The study was led by Women's College Hospital and the Institute for Clinical and Evaluative Sciences (ICES). "Many patients with hip or knee arthritis have the condition in more than one of their hip or knee joints," said the study's lead author Dr. Gillian Hawker, physician-in-chief at Women's College Hospital and a senior scientist at ICES. "So it's not surprising that replacing a single joint doesn't alleviate all their pain and disability — patients may need subsequent surgeries to maximize the benefits of joint replacement."

The study followed a cohort of 2,400 patients with osteoarthritis and inflammatory arthritis in Ontario. It drew its participants from a cohort of 2,400 patients with osteoarthritis and inflammatory arthritis in Ontario. Nearly 480 of these patients had had a hip or knee replacement and 202 were included in the study. Of these, only half reported a meaningful improvement in their overall hip and knee pain and disability one to two years after surgery . Furthermore, researchers found the patients who had worse knee or hip pain to begin with but fewer general health problems and no arthritis outside of the replaced joint were more likely to report benefits.

According to the study authors, nearly 83 percent of the study participants had at least two troublesome hips and/or knees. In general, an estimated 25 percent of patients who undergo a single joint replacement will have another joint replacement — usually the other hip or knee — within two years.
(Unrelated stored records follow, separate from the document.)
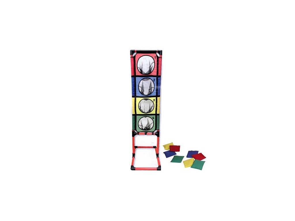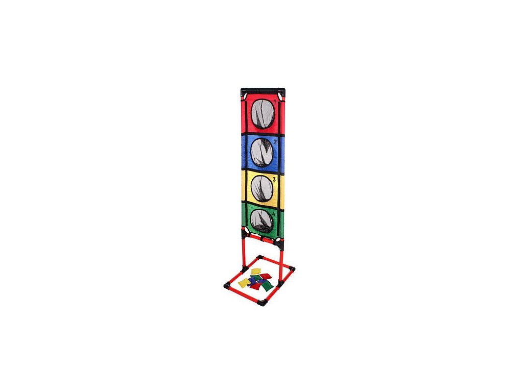 Merco Vertex Target Throw je zábavná hra pro celou rodinu, kdy je cílem trefit otvor tzv. bean bagem, tedy sáčkem vyplněným fazolemi a gumovými kuličkami. Celá sada obsahuje skládací terč vyrobený z polyesteru a lehké PVC konstrukce a osmi barevnými sáčky. Hru můžete hrát sami a trénovat tak svou přesnost spodního hodu, nebo hrajte s přáteli a vytvořte si svou soutěž o to, kdo získá nejvíce bodů. Terč má po jednoduchém složení rozměry přibližně 172 x 44 x 62 cm a hmotnost necelé 2 kg. Pokud hledáte novou hru do školy, pro dětské kroužky nebo pro svou rodinu, Vertex Target Throw je to pravé! Upozornění: Není vhodné pro děti mladší 3 let. Vždy házejte bean bag spodem na terč a ne plnou silou horním švihem, jinak časem hrozí poškození terče. - materiál: PVC, polyester - 8 sáčků na házení, čtyři barvy - rozměry sáčku: 10 x 10 x 1,5 cm - hmotnost sáčku: 70 g - rozměry terče: 172 x 44 x 62 cm (výška x šířka x hloubka) - hmotnost terče: cca 2 kg - průměr otvorů: 22 cm - jednoduché a rychlé složení a rozložení pro uskladnění - rozměry balení: 130 x 22 x 11 cmDodatočné parametre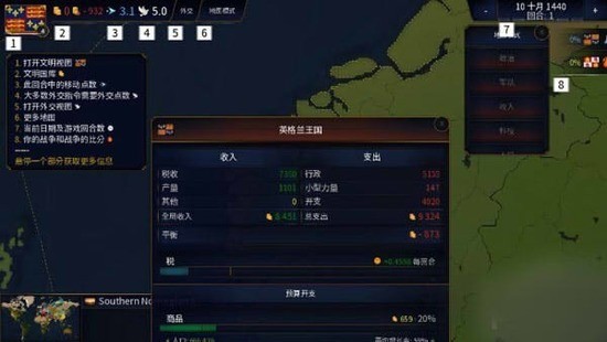 内政管理:税收、人口、科技研发需平衡,避免民生动荡。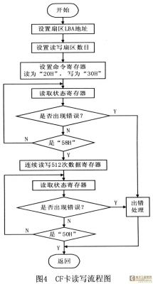 读写扇区时,首先需要设置起始扇区的LBA地址和扇区数目,并设置命令寄存器,读取数据设置命令"20H",写入数据设置命令"30H"。然后读取状态寄存器,判断状态寄存器是否为"58H"。若为是,则开始读写操作;若为否则继续读取状态寄存器。接下来读状态寄存器是否为"50H",判断CF卡操作是否完成。若为否,则继续读取判断;若为是,则结束读写过程。如果在判断状态寄存器中发生了超时或出现错误,则设置超时或错误标志,并跳出读写过程。图4为CF卡读写一个扇区的流程图。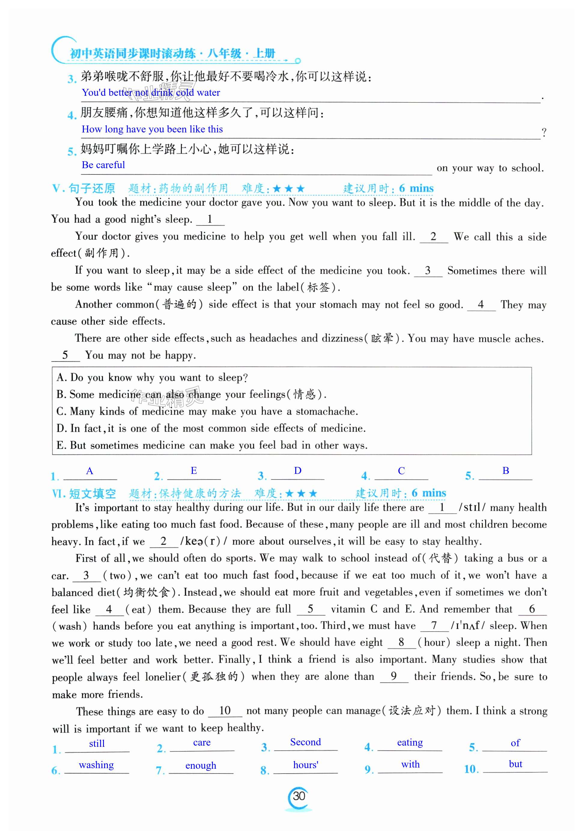 注:目前有些书本章节名称可能整理的还不是很完善,但都是按照顺序排列的,请同学们按照顺序仔细查找。练习册 2024年激情英语初中同步课时滚动练八年级上册仁爱版 答案主要是用来给同学们做完题方便对答案用的,请勿直接抄袭。

"While demand for joint replacement surgery has increased as our population ages, physicians lack a set of established criteria to help determine what patients will benefit from surgery and at what point during the course of the disease," said Hawker. "As physicians, we need to do a better job of targeting treatments to the right patient at the right time by the right provider."

Arthritis is a leading cause of disability in men and women in Canada. According to the Arthritis Society, joint damage from osteoarthritis is responsible for more than 80 percent and 90 percent of hip and knee replacement surgeries in Canada, respectively.

The study, titled "Which Patients are Most Likely to Benefit From Total Joint Arthroplasty?" was published online ahead of print in the Arthritis and Rheumatism journal.